Note: It is mandatory to report defaults on a weekly basis, the classification of loans as non-performing assets will still be on the 90-day-past-due criterion.
Resolution plans can be implemented individually or jointly by lenders. Complete discretion and flexibility have been given to banks to formulate their own ground rules in dealing with borrowers who have exposures with multiple banks. Lenders can implement resolution plans that are tailored to their internal policies and risk appetites. At the end of the 180 days of first default, the borrower is in default to a bank, that bank is mandated to refer the case under IBC.
One of the features notices in the past was evergreening of loans to avoid the recognition of non-performance. The revised framework requires grant of additional credit facilities to a firm in financial difficulty to be treated as a case of restructuring and lists out the criteria for determining whether or not the borrower is in financial difficulty.
Repayment
- For cash credit account, the 30-day trigger has been retained.
- The framework for restructuring has been consciously made non-applicable to the Micro, Small and Medium Enterprises (MSMEs) with borrowings of Rs 250 million and less.
Sign of improvement in the economy
- Sixth Bi-monthly Monetary Policy Statement, 2017-18 observed that there are early signs in the economy of a revival in investment activity as reflected in improving credit off take, large resource mobilization from the primary capital market, and improving capital goods production and imports.

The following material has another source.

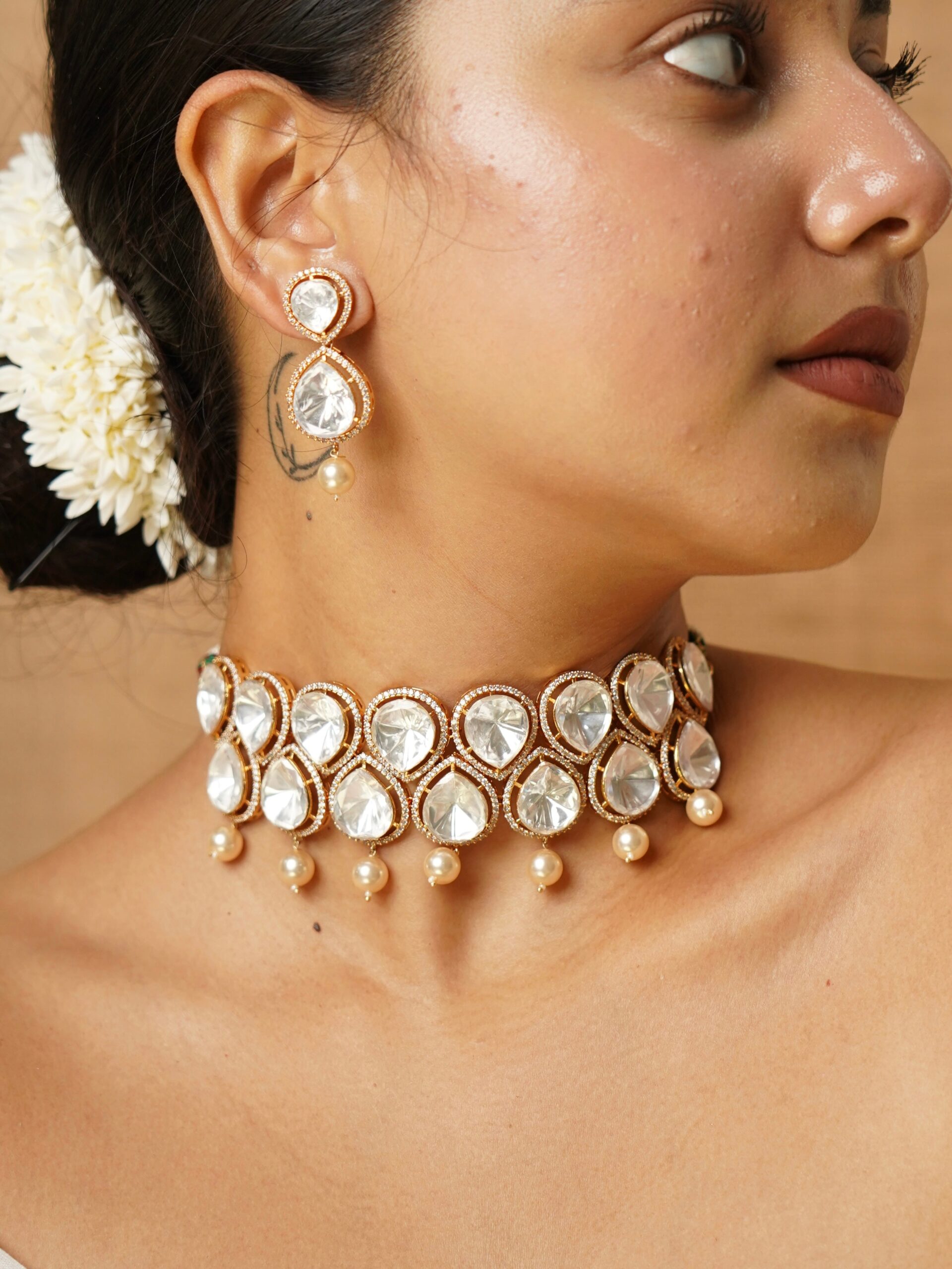 Elevate your celebration style with the Aabroo Polki Pearl Choker Set ? a majestic fusion of traditional Kundan craftsmanship and modern finesse. This luxurious choker features high-polish uncut-style Polki stones in teardrop frames, delicately rimmed with zirconia accents and finished with graceful pearl danglers. Paired with matching earrings, the set is crafted on a premium gold-plated base for enduring brilliance.

- The process of recapitalization of PSBs has got underway, which has enhanced their ability to provide for credit losses as well as, in case of better-capitalized banks, to contribute to the credit growth.
- RBI has directed banks to file insolvency applications against largely distressed borrowers as mentioned earlier, and these accounts are getting resolved under the IBC.
- All these steps should improve credit flows further and create demand for fresh investment, which may further accelerate growth.
Most important questions which can come from Non-performing assets Resolution
Question 1: What is day limit for cash credit account?
Answer: 30 days
Question 2: What is the credit ceiling for MSME with regard to restructuring plan?
Answer: Rs. 250 million or Rs. 25 crore
Question 3: Who is the user is “user pays” model for credit opinions?
Answer: Bank
Question 4: Types of framework followed by Insolvency and Bankruptcy Code, 2016 (IBC) framework?
Answer: Time and process oriented
Question 5: What is CRILC?
Answer: Centralized database shared to RBI and all banks to monitor lender/borrowers and credit rating
Question 6: Name of a framework used by RBI for identification of stressed assets or NPA?
Answer: Assets Quality Review
Question 7: What is the major reason for the growth of NPA?
Answer: Access credit growth (20% annually) during 2006-11
Most Important terms used
Evergreening of loans, the user pays model, Internal Advisory Committee (IAC), Insolvency and Bankruptcy Code, 2016 (IBC), Central Repository of Information on Large Credits (CRILC), SDR, S4A, AQR
With this, we come to an end of this RBI speech on asset quality identification, and steps required for restructuring. Non-Performing Assets and Insolvency and Bankruptcy Code is one of the most important essay topics for UPSC, RBI Grade B, MBA admissions test.